Last week we spoke about defining what confrontation is and some of the basics of handling confrontation well. As a reminder, confrontation is a healthy conversation with another party intended to resolve an issue or a misunderstanding. We looked at how it is important to be able to confront ourselves before we are able to be able to do the same effectively with others.  To that end, we left off by asking ourselves a few questions meant to help us become more self-aware about how we deal with conflict. Hopefully, after some introspection, you were able to identify how you have been handling conflict in your life. Self-awareness is key to successful confrontation. If you are self-aware, you are better able to identify situations in which confrontation is both helpful and needed.

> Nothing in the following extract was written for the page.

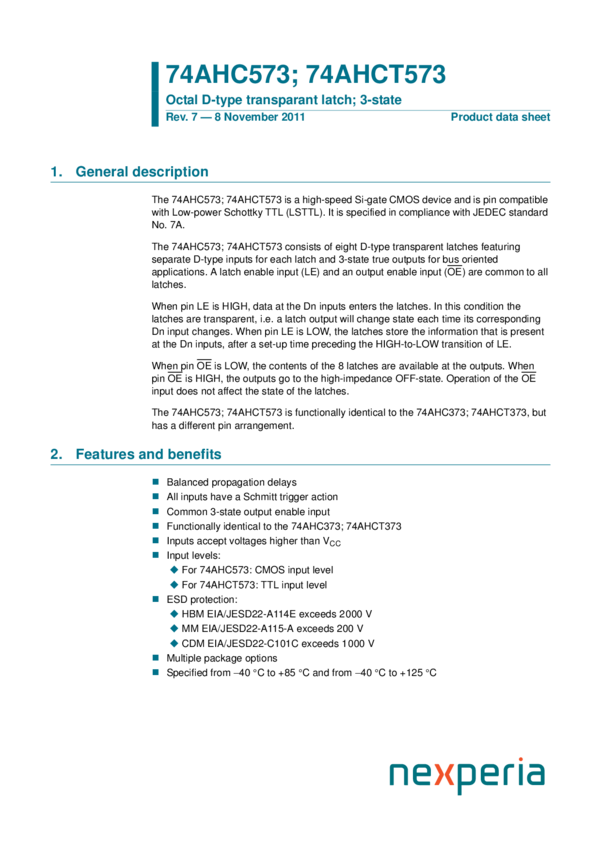 74AHCT573PW, 74AHCT573D, 74AHC573D, 74AHC573PW, 74AHC573BQ

The first area of confrontation we will deal with is confrontation with strangers who overstep bounds – whether it is a personal boundary or a societal one. We are beginning in this place because it is often easier to speak up to people who don’t know you (and therefore have no expectations of you) than it is to speak up to those you are closest with. As with any skill confrontation gets easier the more you practice it. Those who are most successful at confrontation are those who make the skill a part of their everyday repertoire in interacting with others. These are the women who are confident in who they are and their place in the world and should you attempt to undermine that, will be able to tactfully remind you of that without making you feel small.

Before you are able to confront a stranger, you must be able to identify those situations in which a confrontation is helpful. It is not practical or necessary for you to confront every person you meet who is overstepping their bounds – if you do so, you become the one overstepping a boundary. A helpful way to think about this is to consider the outcome of your confrontation. If saying something will contribute to the growth of the individual you are confronting or to the well-being of another person, it is likely a good situation to say something. If saying something will do nothing but upset you, others, or put you in harm’s way, it is best to avoid the confrontation (although, as a caveat here, if you see someone actively harming another person, even if you are not able to speak up for the victim you can always call for help).

One situation in which you might find yourself in often is that of witnessing a stranger being rude to service personnel such as wait staff or clerks. I was once in a situation where I was purchasing an item in a clothing store with only one employee who happened to be Asian. The credit card machine was running very slowly and there was another patron in the store who was very annoyed by this and very impatient to have her question answered. She asked the clerk once, and the clerk responded that she would be with her as soon as she finished my transaction. The other customer, another woman, huffed and rolled her eyes. After a minute or two she turned to me and said: “I can’t stand all these Asians. Can you believe this, how rude? Why did she even come here if she can’t do her job?”

I was aghast. This woman was making a blatantly racist comment in front of a clerk who was actually doing her job quite well in light of being the only employee there. In this moment, I had a choice, I could either ignore the comment, or use it as an opportunity to confront a stranger who was clearly in the wrong. I chose the latter. I turned to the woman and said: “Actually, you’re the one who is being rude. This woman’s ethnicity has nothing to do with your impatience. I think she is doing an excellent job and I’m sure, if you give her the opportunity, she will give you the same level of service she has given me.”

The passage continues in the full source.